El grupo insurgente se hará con el poder, pero no lograría alargarlo en el tiempo y es por ello por lo que la guerra civil es incuestionablemente un sendero que se vislumbra en cualquier momento. Según los estudios de varios expertos, sin un fortalecimiento de las estructuras del Gobierno afgano, el frágil Ejecutivo de Kabul podría ser el preludio de una descomposición de gran alcance, terreno garantizado para el regreso de los grupos yihadistas como Al Qaeda o Estado Islámico, un escenario terrorífico.

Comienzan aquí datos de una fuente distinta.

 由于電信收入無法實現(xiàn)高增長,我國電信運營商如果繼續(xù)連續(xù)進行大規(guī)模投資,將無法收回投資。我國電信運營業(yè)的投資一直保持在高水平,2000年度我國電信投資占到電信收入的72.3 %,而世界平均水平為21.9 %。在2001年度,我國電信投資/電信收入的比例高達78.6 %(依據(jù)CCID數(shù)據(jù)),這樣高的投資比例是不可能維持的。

En consecuencia, veinte largos años de guerra sangrienta en Afganistán han dado para mucho a los talibanes. A lo largo de dos décadas, el grupo ha experimentado profundos cambios en sus postulados de gobierno, como en su acercamiento a la población, en el razonamiento del influjo internacional o en su propia hechura. En opinión de destacados miembros de su cúpula, algunos inevitables y otros dificultosos de armonizar con los principios fundamentalistas que siempre los han acompañado.

Pero el recelo se esparce por las connotaciones que rodean al talibán del pasado, cuando por entonces encarrilaron uno de los regímenes más represivos del planeta: recuérdense las ejecuciones públicas perpetradas, lapidaciones sumarias, interpretaciones estrictas de la ley religiosa islámica, exclusión al trabajo para las mujeres y las niñas tenían prohibido pisar la escuela.

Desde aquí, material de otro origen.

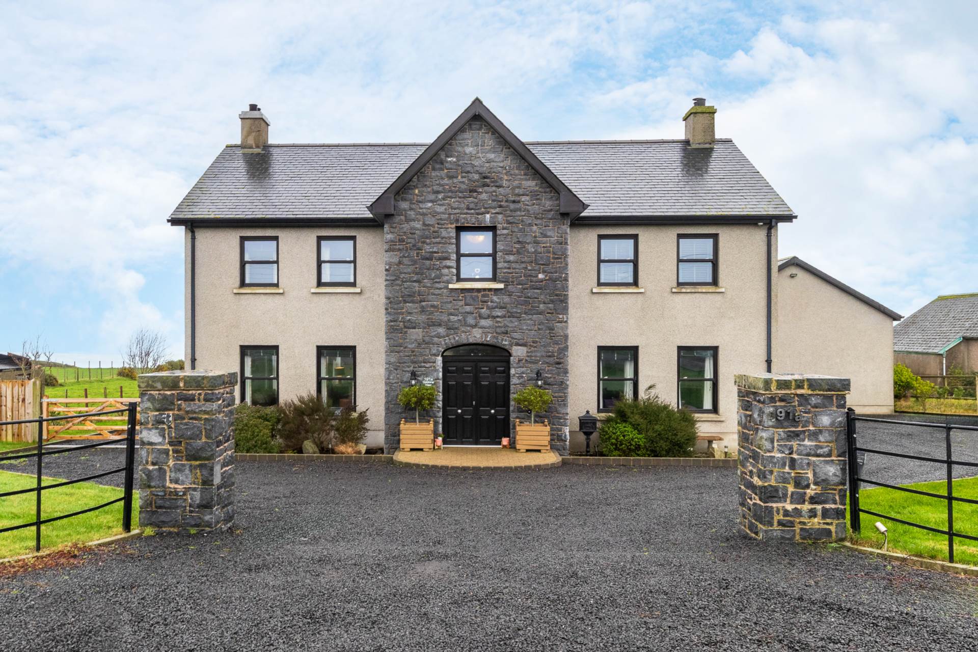 Extensive gardens in lawn and stone driveway affording ample parking

Este es, hoy por hoy, el ser o no ser del Emirato Islámico de Afganistán: mientras la ciudad se desploma al desorden por el pánico del nuevo gobierno a cargo del grupo extremista que ha propuesto amnistía para quienes cooperaron con occidente y estabilidad para los ciudadanos, las mujeres afganas se sostienen como buenamente pueden en las tinieblas más tétricas: íntegramente distantes de la vida pública. Porque, para ellas, este segundo aniversario de la toma del poder por parte del grupo islamista con más sombras que luces, anuncia el punto tenebroso en el tiempo en que su disposición se ha deteriorado de manera inconcebible e injustificable.